Results: High miR-181a levels were identified in OlaR TNBC cell lines (p = 0.001) as well as in tumor tissues from TNBC patients (p = 0.001). We hypothesized that miR-181a downregulates the stimulator of interferon genes (STING) and the downstream proinflammatory cytokines to mediate PARPi resistance.

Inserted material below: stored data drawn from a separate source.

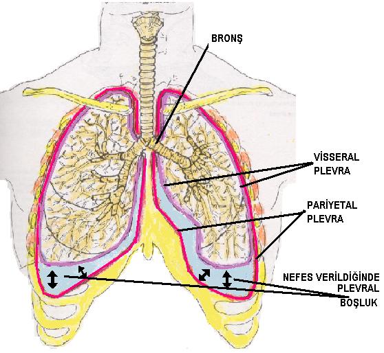 Plevra,Plevra, göğüs boşluğunu çevreleyen ve akciğerleri örten iki yapraklı, tabakalı, ince, seröz bir zardır. Bu zarın iç ve dış yaprakları arasında bir miktar hava ve sıvı ile dolu küçük bir boşluk bulunur. Bu boşluğa Plevra boşluğu denir. Plevranın iç yaprağı, buna Viseral plevra denir, akciğer dokusuna ondan ayrılmayacak biçimde sıkıca tutunmuştur. Visaral plevra aynı zamanda akciğer dokusunun derinliklerine lopçuklar arasına uzantılar gönderir. Plevranın dış yaprağına Parietal plevra denilir.
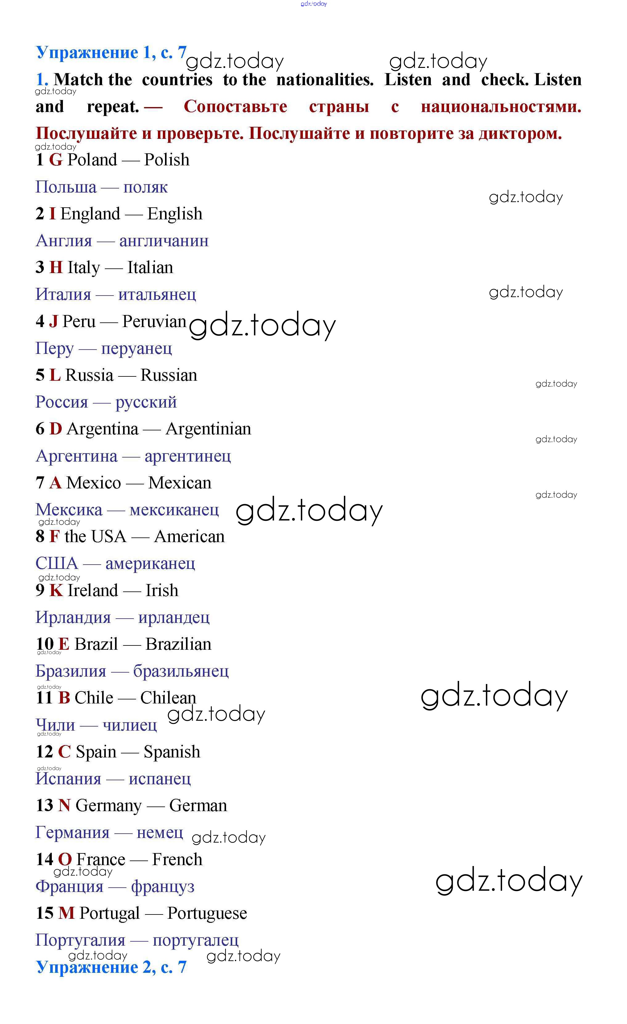 На страницах сайта gdz.today вы найдете учебный и вспомогательный материал, направленный на улучшения знаний школьной программы. ГДЗ - онлайн мир знаний Решение к Module 1. People around the world стр.7 Учебнику по Английскому языку для 5 класса Баранова, Эванс Углубленный уровень Просвещение Starlight 2015
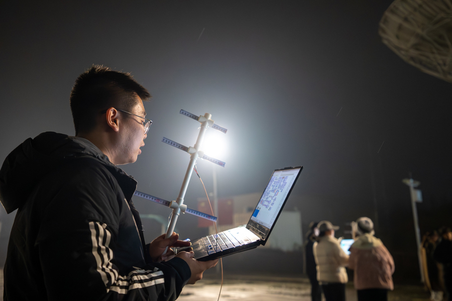 气温已近零摄氏度。同学们两人一组,一人手捧笔记本电脑,一人举着天线,在大口径雷达“大锅”下面的广场上查询着卫星位置。这款软件叫“look4sat”(寻找卫星),可以实时查询全球范围内的卫星轨迹,并利用手机上的陀螺仪和指南针匹配方位。孔祥祎将手机和天线杆绑在一起,确保手机指向的位置,即为天线应瞄准的卫星方位。有人的笔记本屏幕上闪现了雪花点,指导老师告诉同学们,宇宙中充斥着不携带有效信息的电磁波,所以老式天线电视的雪花其实就是空间中电磁波的可视化表现。
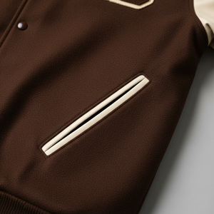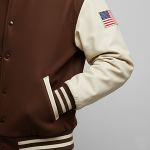 Featuring vintage brown varsity jacket with leather sleeves, the high-quality material adds durability, texture, and authentic varsity style.
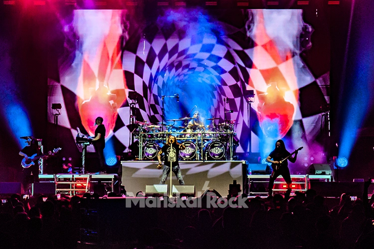 Al caer en telón, es inevitable ver la batería de tres bombos, exagerada y utilizada con maestría en su totalidad, que maneja Mike Portnoy, flanqueado en una plataforma a la izquierda por Jordan Rudess, que nunca se está quieto, girando en su teclado, y los veteranos John Petrucci a la derecha y John Myung a nivel de escenario justamente frente a Jordan Rudess.
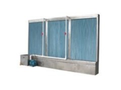 型号:ASMX 类别:湿膜加湿器—循环水湿膜加湿器 品牌:百力拓强 图片及文字介绍仅供参考,请以实物为准. 一、循环水湿膜加湿器系统工作原理 洁净的自来水通过进水管路进入循环水箱中,通过进水开关控制其高水位;当加湿器工作时,循环水泵将水箱中的水输送到加湿器顶部的淋水器,淋水器确保水均匀分配到湿膜材料上,水从湿膜材料顶部向下渗透,同时被湿膜材料吸收,形成均匀的水膜。当干燥的空气通过加湿器时,一部分水与空气接触汽化、蒸发,使空气湿润(即湿度增加);没有蒸发的水从加湿器低部流回循环水箱。循环水箱中的水通过循环水泵反复循环使用,从而使通过湿膜的空气得到加湿。当循环水箱中的水位有所下降时,进水开关开启,给水箱补水,确保水箱的水位维持在设定的高度范围;当循环水箱中的水位下降到一定高度时,水箱内的低水位传感器工作,确保循环水泵在缺水的情况下停止运转。循环水湿膜加湿器结构图当循环水箱内的水循环一定时期后,通过水箱的排水口将水排出,清洗水箱,置换干净的水,保证了循环水和被加湿的空气不被二次污染。 循环水湿膜加湿器结构: 循环水湿膜加湿器的工作特点: 1.洁净加湿-湿膜加湿无“白粉”现象。 2.加湿距离离短—湿膜加湿的汽化距离仅为300-400mm。 3. 饱和效率高—可达90%以上。 4. 节水节能—加湿器的水可以循环使用,节水效果好,整个系统除循环水泵外,无耗能部件。 5. 安全可靠—湿膜材料国外生产,防霉、防菌,寿命可达6-8年;且不会对空调箱产生腐蚀。 循环水湿膜加湿器系统的选型: 1. 加湿器的选型(参见直排水湿膜加湿器) 2. 湿膜主机宽高及循环水箱宽高的选择 1)假设循环水湿膜加湿器系统安装在空调表冷器上:W(湿膜宽度)=换热器宽度, H(湿膜高度)=空调箱内高度。 2)(湿膜高度)=空调箱内高度。 3)循环水箱宽度的选择 { 湿膜厚度 +200mm 当总风量小于 50000 (m3/h ) 湿膜厚度 +300mm 当总风量介于 50000~150000 (m3/h)㎡ 湿膜厚度 +400mm 当总风量大于 150000 (m3/h) 4)循环水箱高度的选择 { 200mm 当总风量小于 50000 (m3/h) 260 mm 当总风量介于 50000~150000 (m3/h) 300 mm 当总风量大于 150000 (m3/h) 循环水湿膜加湿器系统的安装: 1. 进 / 出水管 1)当空调总风量小于 20000(m3/h)时,进出水管采用 DN15供水管 。 2)当空调总风量介于 20000~100000(m3/h)时,进出水管采用 DN20供水管。 3)当空调总风量小于 100000(m3/h)时,进出水管采用 DN25供水管。 2.安装位置 循环水湿膜加湿器系统的技术说明: 1 、湿膜加湿器系统的框架和循环水箱采用不锈钢材料制造。 |
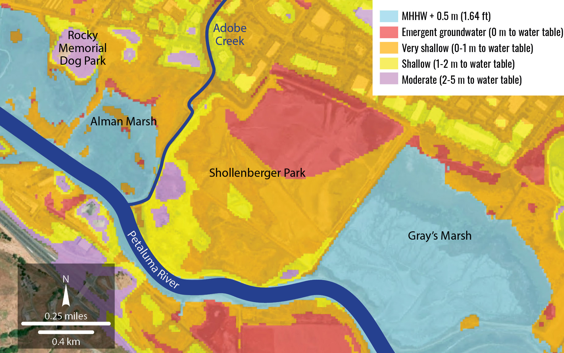 “We’re going to lose Alman Marsh for sure, and will lose parts of Shollenberger Park between now and 2050 to 2075,” says Petaluma Councilmember and Petaluma Wetlands Alliance President John Shribbs. “We’re going to lose them to sea level rise anyway, so we might as well start preparing now.”
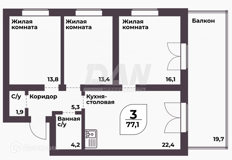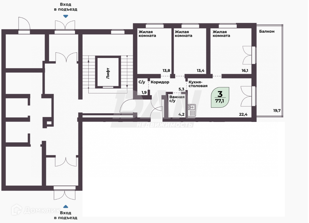 Общая площадь объекта 77,1 кв.м.
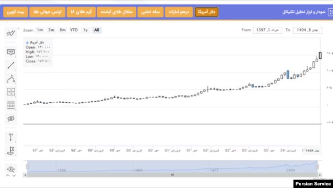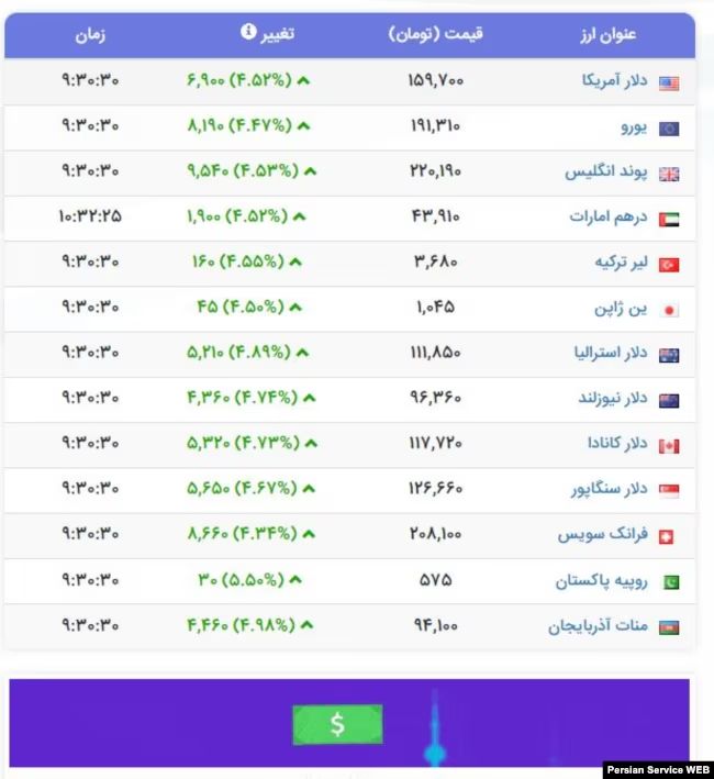 صدای آمریکا: با ادامه روند سقوط آزاد و سریع ارزش واحد پول ملی در ایران، روز چهارشنبه نرخ برابری ارزهای خارجی در بازارهای ایران رکورد تازهای بر جا گذاشت، به طوری که نرخ دلار در زمان تنظیم این خبر در آستانه رکورد تاریخی ۱۶۰ هزار تومان قرار گرفته است.بر اساس اطلاعات مندرج در سایت «نوسان» که نرخ لحظهای ارز و مسکوک را در بازار ایران ارائه میدهد، در تابلوهای نرخگیری (تا لحظه تنظیم این خبر) چهار ارز پرمعامله با اعداد سنگینتری دیده میشوند: دلار آمریکا ۱۵۹۷۰۰ تومان، یورو ۱۹۱۳۱۰ تومان، پوند ۲۲۰۱۹۰ تومان، و درهم امارات ۴۳۹۱۰ تومان. همزمان در بازار طلا و سکه هم تصویر مشابهی ثبت شده است: هر گرم طلای ۱۸ عیار به بیش از ۲۰ میلیون و ۲۰۰ هزار تومان و قیمت هر قطعه تمام سکه موسوم به طرح امامی به ۲۰۴ میلیون تومان رسیده است.
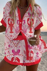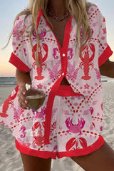 Lobster and crab print loose button elastic waist shorts set
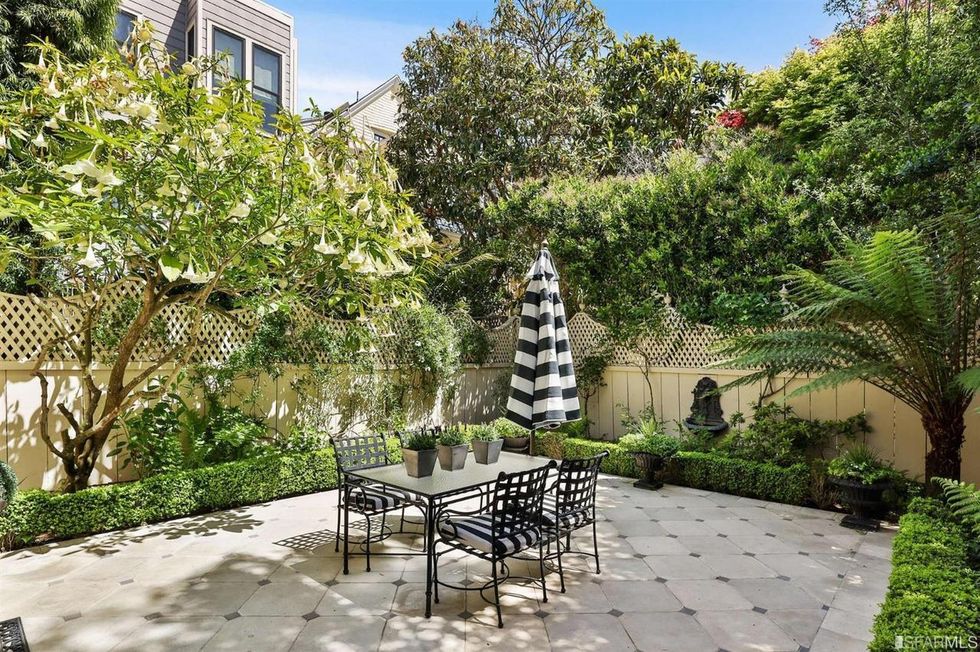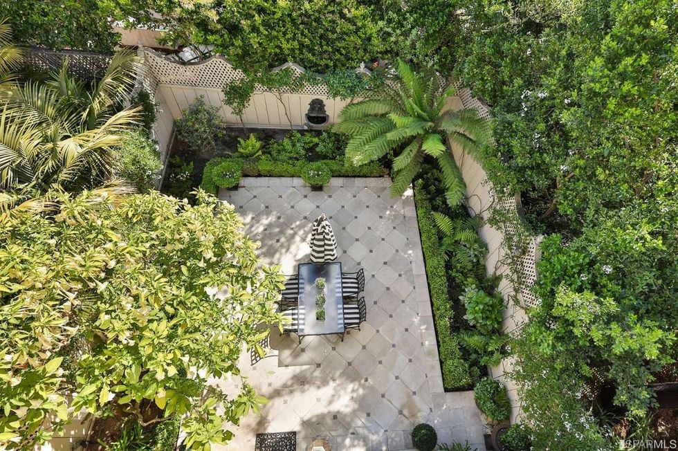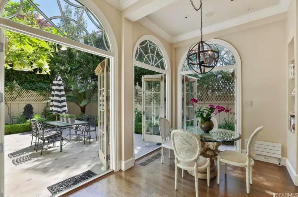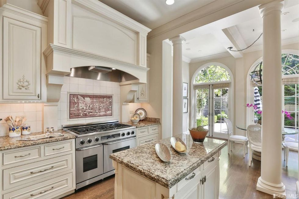 The kitchen is open to the breakfast room, which has three sets of Palladian-style glass doors that flow onto the garden patio with diamond-patterned stone tiles, a carved stone fountain, and fragrant white jasmine.
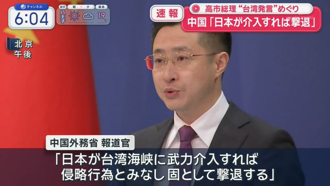 日本では高市早苗首相が国会で「台湾有事は存立危機事態となり得る」と述べ、日米安保が発動する可能性に言及した。これに中国側が反発を強めており、軍関係者の発言や政府声明が連日のように続いている。中国政府は台湾統一を国家目標と位置づける一方、日本の関与を「外部勢力の介入」とみなし、強硬な姿勢を示している。
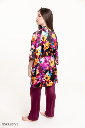 Ensemble Jasmine Noir : Pyjama 3 Pièces avec Kimono en Satin Imprimé Floral pour femmes
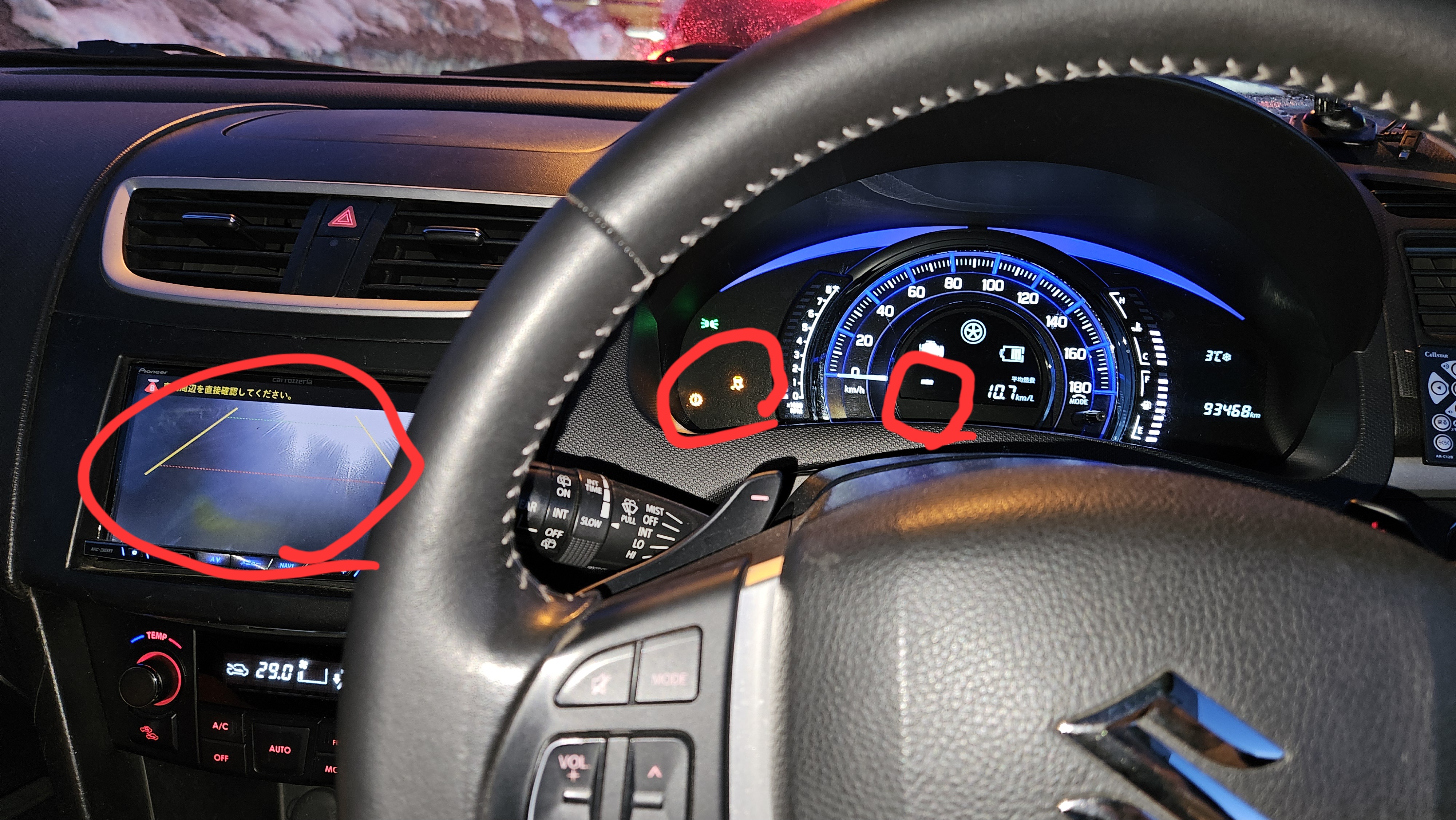 天気もいいし舗装も出てるので今日はスイフトに乗ってました走行中にも関わらず突然ナビにバックモニターが表示されて???信号待ちで止まったらアイドルストップでエンジン停止したんですけどすぐに再始動になりトランスミッション警告灯とESP(ABSとトラクションコントロールと横滑り防止装置などの略)警告灯が点灯信号青で発信したら出だしがやたら遅い左赤丸から走行中もバックモニタートランスミッション警告灯とESP警告灯PRD1のギヤレンジ表示が上部の ‒ だけで文字にならない一度エンジン切って再起動したら直るかも!と次の信号でエンジン切って再始動したのねそしたらなんと…何も変わらないだけでなくシフトがパーキングから抜けない!走れない!そして信号は青になって後続車もイライラ慌ててシフトロック解除ボタン探してボタン押してシフトを動かして発進アクセルベタ踏みなのに中々スピード乗らないしなかなかの緊張感でしたwミッション交換なら新品で4~50万掛かるだろうしリビルト使って半額というところかなもしそうなら買い替えたほうが良いんだけどミッション警告灯だけでは無いので電気的なトラブルのような気もする帰宅後エンジン切って再始動したら…ミッション警告灯は点灯したままだけどギヤレンジは表示されてESP警告灯も消えているしシフトも入る元凶はESPのエラーでそれがトリガーとなっていたのか?とりあえず明日診断機かけてエラーリセットしてこよう

BRCA1 mutated TNBC cell lines with miR-181a-overexpression were more resistant to olaparib and showed downregulation in STING and the downstream genes controlled by STING. Extracellular vesicles derived from PARPi-resistant TNBC cell lines horizontally transferred miR-181a to parental cells which conferred PARPi-resistance and targeted STING. In clinical settings, STING levels were positively correlated with interferon gamma (IFNG) response scores (p = 0.01). In addition, low IFNG response scores were associated with worse response to neoadjuvant treatment including PARPi for high-risk HER2 negative BC patients (p = 0.001). OlaR TNBC cell lines showed resistance to platinum-based drugs. OvCa cell lines resistant to platinum showed resistance to olaparib. Knockout of miR-181a significantly improved olaparib sensitivity in OvCa cell lines (p = 0.001).

Conclusion: miR-181a is a key factor controlling the STING pathway and driving PARPi and platinum-based drug resistance in TNBC and OvCa. The miR-181a-STING axis can be used as a potential marker for predicting PARPi responses in TNBC and OvCa tumors.

Keywords: BRCA1/2 mutations; DNA damage; Extracellular microvesicles; Ovarian cancer; PARPi; STING; TMEM173; Triple-negative breast cancer; miR-181a-5p.